Melalui pendidikan tersebut diharapkan para remaja mempunyai pengetahuan mengenai anatomi serta proses reproduksinya, serta kemungkinan resiko yang timbul apabila berperilaku reproduksi yang tidak sehat. Disamping itu, pendidikan kesehatan reproduksi diperlukan untuk memberikan pengetahuan agar remaja dapat memanfaatkan waktu remajanya yang terbatas untuk melakukan kegiatan yang produktif dan sehat untuk mempersiapkan masa depannya.
10 Karakteristik dari Program Pendidikan Seks dan HIV yang Efektif.
Selasa, 13 Juli 2010
Kurikulum dari program pendidikan seks dan HIV yang efektif terdiri dari 10 karakteristik umum yaitu:
Fokuskan pada menurunkan satu atau lebih perilaku seksual yang menyebabkan kehamilan yang tidak diinginkan atau HIV/infeksi Penyakit Menular Seksual
Pendekatan-pendekatan teoritis yang digunakan sebagai dasar telah terbukti mempengaruhi perilaku kesehatan yang berkaitan lainnya dan mengidentifikasikan pendidikan seksual penting yang menjadi sasarannya
Sampaikan pesan yang jelas dan secara konsisten tentang tidak melakukan aktifitas seksual dan/atau menggunakan kondom atau bentuk lain dari kontrasepsi. Ini merupakan salah satu karakteristik penting yang membedakan program yang efektif dengan yang tidak efektif.

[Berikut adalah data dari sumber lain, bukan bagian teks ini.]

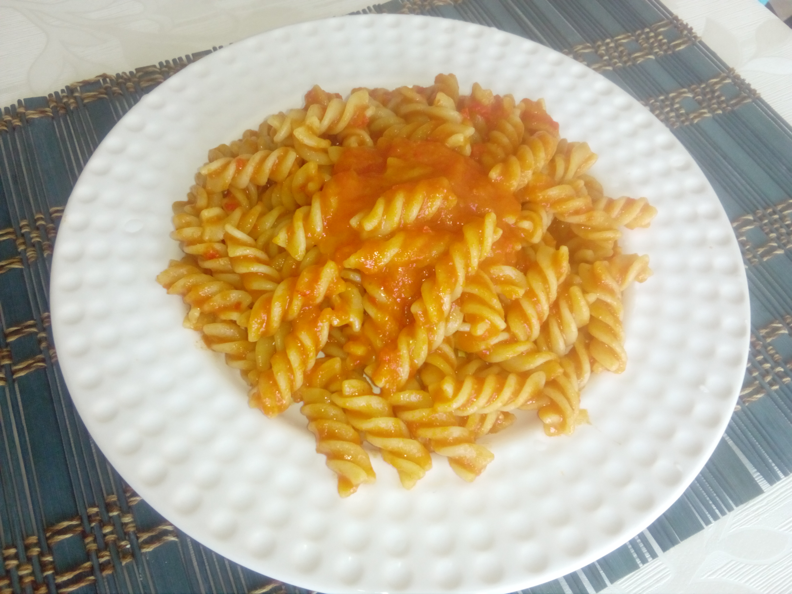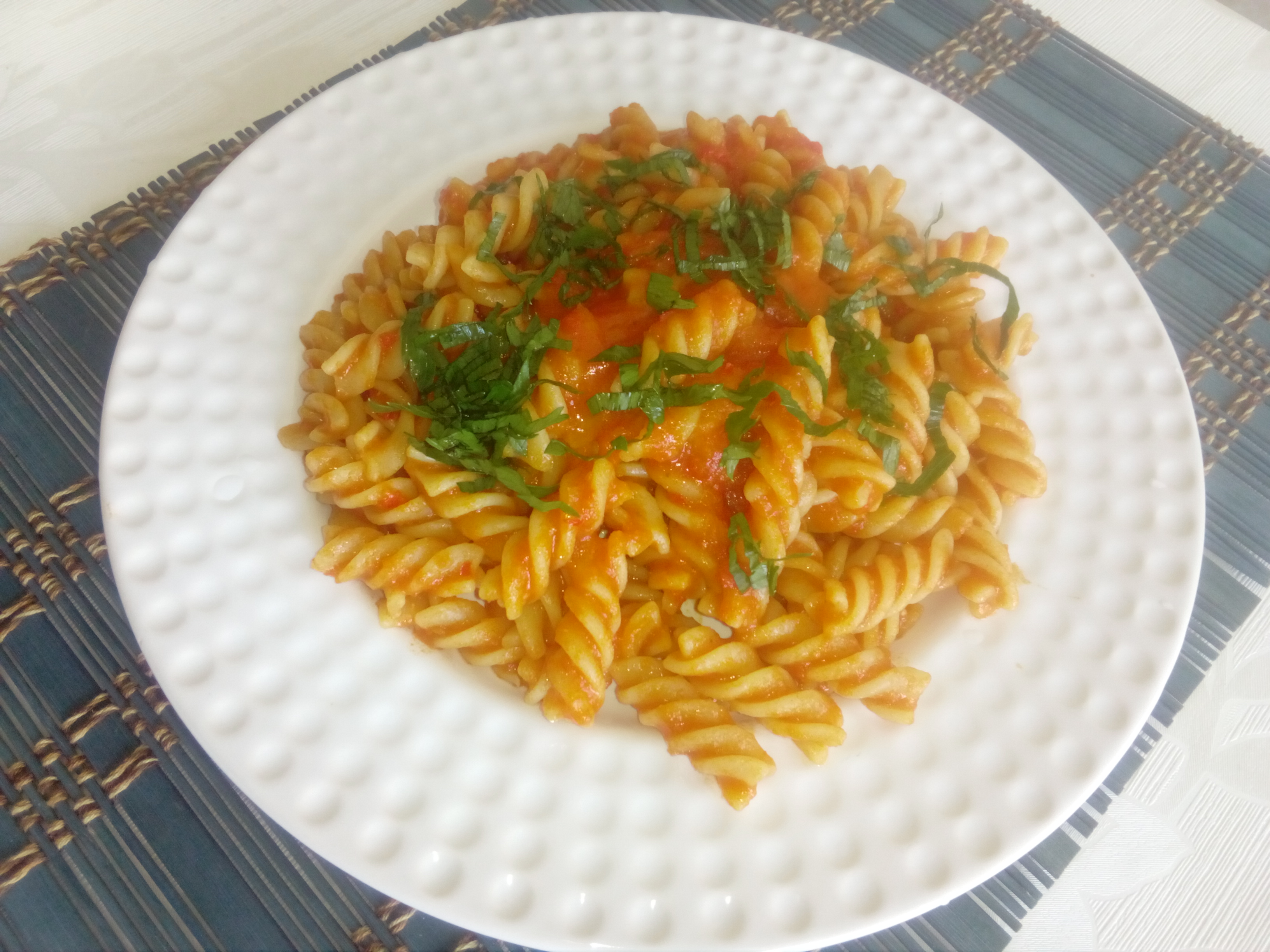 This recipe is made in the following way add a little olive oil add the onion to the garlic and fry a little, then add the tomato sauce and add a little water and let it cook after about 15 minutes add -organic cooking cream and leave the time to boil macarons for 10 minutes, after adding over our sauce and eating, I assure you that they were very tasty.

Sediakan informasi dasar dan akurat mengenai risiko dari aktifitas seksual remaja dan tentang cara-cara menghindari hubungan seksual atau menggunakan metode-metode perlindungan terhadap kehamilan dan Penyakit Menular Seksual.
Lakukan kegiatan yang menjelaskan tekanan-tekanan sosial yang mempengaruhi perilaku seksual.
Berikan contoh-contoh tentang praktek berkomunikasi, negosiasi dan keterampilan menolak
Gunakan metode pengajaran yang dirancang untuk melibatkan peserta dan membuat informasi sesuai dengan pribadinya masing-masing.
Gabungkan perilaku yang dituju, cara mengajar dan materi yang sesuai dengan umur, pengalaman seksual dan kebudayaan dari para pelajar
Lamanya harus sesuai (misalnya lebih dari hanya beberapa jam)
Pilih guru-guru atau ketua kelompok yang yakin akan program dan berikan mereka pelatihan yang sesuai.
Program-program pencegahan (prevention programs) yang efektif, tanpa mempedulikan isi dari progam itu sendiri memiliki enam pokok penting yang saling tumpang tindih. Program-program khusus yang dijelaskan pada buku panduan ini atau unsur-unsur umumnya dapat diadaptasi untuk digunakan pada berbagai sekolah atau tatanan masyarakat.
KRITERIA PEMILIHAN Tulisan ilmiah mengenai pencegahan perilaku anak dan remaja yang bermasalah dapat menjadi sumber yang berguna dalam menentukan peran dari intervensi untuk menunjang perilaku positif dan menunda perilaku negatif. Para peneliti dari Urban Institute meninjau acuan ini dengan memfokuskan pada program pencegahan utama yang memiliki potensi untuk digunakan di sekolah-sekolah dasar, menengah maupun menengah atas. Mereka menggunakan pencegahan/penghentian sekunder dari perilaku resiko tinggi pada waktu jumlah dari peserta cukup besar. Sebagai tinjauan suatu kerangka kerja yang berorientasi pada kesehatan masyarakat digunakan untuk mengklasifikasikan intervensi program-program dari kelompok-kelompok target: universal (masyarakat umum); selective (kelompok beresiko); dan indicated (kelompok yang telah terlibat perilaku beresiko). Tanpa mempedulikan mutu dari program, setelah ditinjau hanya beberapa tingkatan program yang memenuhi persyaratan kriteria dengan jumlah peserta yang sesuai untuk memperoleh hasil evaluasi yang dapat dipercaya.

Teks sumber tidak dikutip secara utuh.